Sonko et diomaye : quand la dualité au sommet du Sénégal se fissure
La scène politique du Sénégal, souvent rythmée par des luttes d’influence, vient de subir un tournant majeur. Après des mois de collaboration apparemment solide, le tandem formé par Bassirou Diomaye Faye, président de la République, et Ousmane Sonko, son Premier ministre, montre des signes évidents de fracture. Cette évolution, loin d’être anodine, s’inscrit dans une logique où les intérêts divergent malgré des ambitions initialement communes.
En politique, les alliances se nouent et se dénouent au gré des priorités du moment. Rien n’est jamais gravé dans le marbre, si ce n’est l’instabilité des équilibres.
Leur collaboration, qui devait incarner une nouvelle ère pour le pouvoir exécutif sénégalais, est aujourd’hui remise en cause. Le 22 mai, une décision officielle a scellé la fin de cette expérience bicéphale : le président a destitué son Premier ministre et dissous le gouvernement. Pourtant, les tensions étaient perceptibles bien avant cette annonce.
Dès le rassemblement du 8 novembre 2025, des craquelures sont apparues dans l’édifice commun. Puis, le 2 mai 2026, une rencontre entre les deux hommes a levé toute ambiguïté. Le chef de l’État a pointé du doigt une « personnalisation excessive » du pouvoir autour de Sonko, révélant ainsi des désaccords profonds sur la gestion du pouvoir.
une alliance née sous le signe de la complémentarité, minée par la rivalité
L’histoire de ce duo remonte à un moment charnière. Sonko, dont la candidature avait été invalidée, a choisi Diomaye comme porte-drapeau pour porter les couleurs de leur mouvement, le PASTEF. Une alliance contre nature, mais qui a fonctionné dans un premier temps grâce à une répartition des rôles : l’un apportait la légitimité politique, l’autre assurait la stabilité institutionnelle.
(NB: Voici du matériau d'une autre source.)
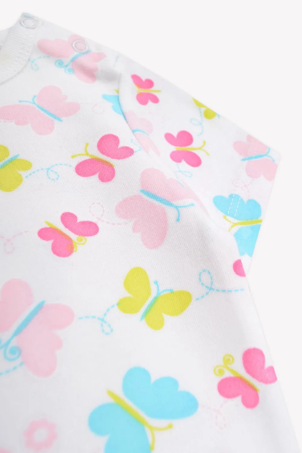Описание: Футболка для девочки из трикотажного хлопка с набивным рисунком. Короткие рукава. Застёжка на 2 кнопки в области плеча.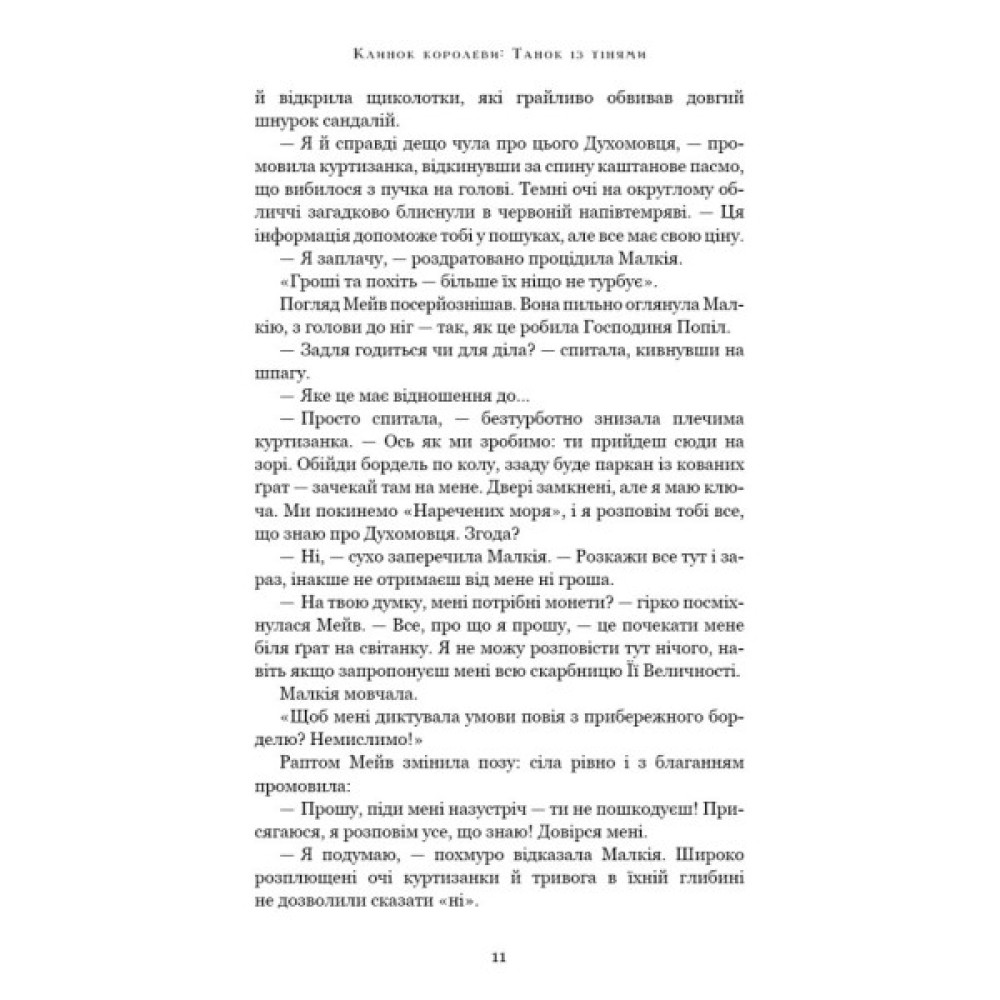 Пасербиця короля, герцогиня-бастард, людина принцеси, клинок королеви — вона має багато прізвиськ, але чи хоч одне з них вірне? Малкія Денмір — герцогиня за правом народження і клинок королеви за посадою. Вона почувається білою вороною у Елмессарському палаці, й лише прихильність принцеси надає сенс її життю і забарвлює його у яскраві кольори. На жаль, трагічні події змушують Малкію покинути палац.

Une formule qui semblait idéale pour défier l’ordre politique traditionnel.
Pourtant, le grand meeting du 8 novembre 2025 a révélé les limites de cette symbiose. Les slogans fusionnels comme « Sonko mooy Diomaye » (Sonko est Diomaye) ont commencé à s’effriter, laissant place à des expressions plus personnelles comme « Sonko est Sonko ». Une évolution qui reflète une réalité : l’unité proclamée n’était qu’une façade.
Cette dualité au sommet s’explique aussi par les contraintes constitutionnelles. Dans un régime présidentiel comme celui du Sénégal, l’autorité ne se partage pas. Les articles 42 à 52 de la Constitution définissent clairement les prérogatives de chaque acteur, transformant leur complémentarité initiale en une rivalité subtile mais bien réelle. Diomaye, en tant que président, incarne l’institution, tandis que Sonko, en tant que chef de parti, reste un tribun mobilisateur. Deux postures qui, selon les travaux du sociologue Pierre Bourdieu, façonnent leurs actions et leurs discours bien plus que l’inverse.
Cette tension s’est encore accentuée lorsque Diomaye a démissionné de ses fonctions au sein du PASTEF, marquant ainsi une séparation nécessaire entre les rôles de chef de l’État et ceux de chef de parti. Une décision qui illustre la difficulté de concilier leadership institutionnel et leadership partisan.
quand le pouvoir se fragmente : l’illusion d’une gouvernance indivisible
Le fonctionnement de ce tandem rappelle les principes de la mécanique des fluides : deux corps de masses différentes ne peuvent occuper un même espace sans créer des forces opposées. Ici, Sonko apporte une légitimité populaire incontestable, tandis que Diomaye, par ses décrets et décisions, matérialise les aspirations du projet politique en les ancrant dans le droit. Mais cette dynamique est fragile.
Si Sonko prend trop d’ampleur, il empiète sur le domaine réservé du président. Si Diomaye se replie sur lui-même, il perd la légitimité que lui confère Sonko. Ils sont prisonniers d’un système où le pouvoir circule entre la Primature et le palais présidentiel, alimentant une rivalité douce mais persistante.
Leur relation illustre un phénomène récurrent en politique : le syndrome du numéro deux. Un allié fidèle devient un rival potentiel dès qu’il perçoit une opportunité de briller par lui-même. Diomaye, désormais installé dans le fauteuil présidentiel, incarne une menace pour Sonko, dont l’ambition reste intacte. Cette paranoïa réciproque annonce une période de turbulence, où chaque décision peut être interprétée comme une provocation.
Ce qui se joue aujourd’hui au sommet de l’État sénégalais n’est pas seulement une crise de gouvernance. C’est la démonstration que les alliances politiques, même construites sur des fondations solides, restent soumises aux aléas des ambitions et des rapports de force.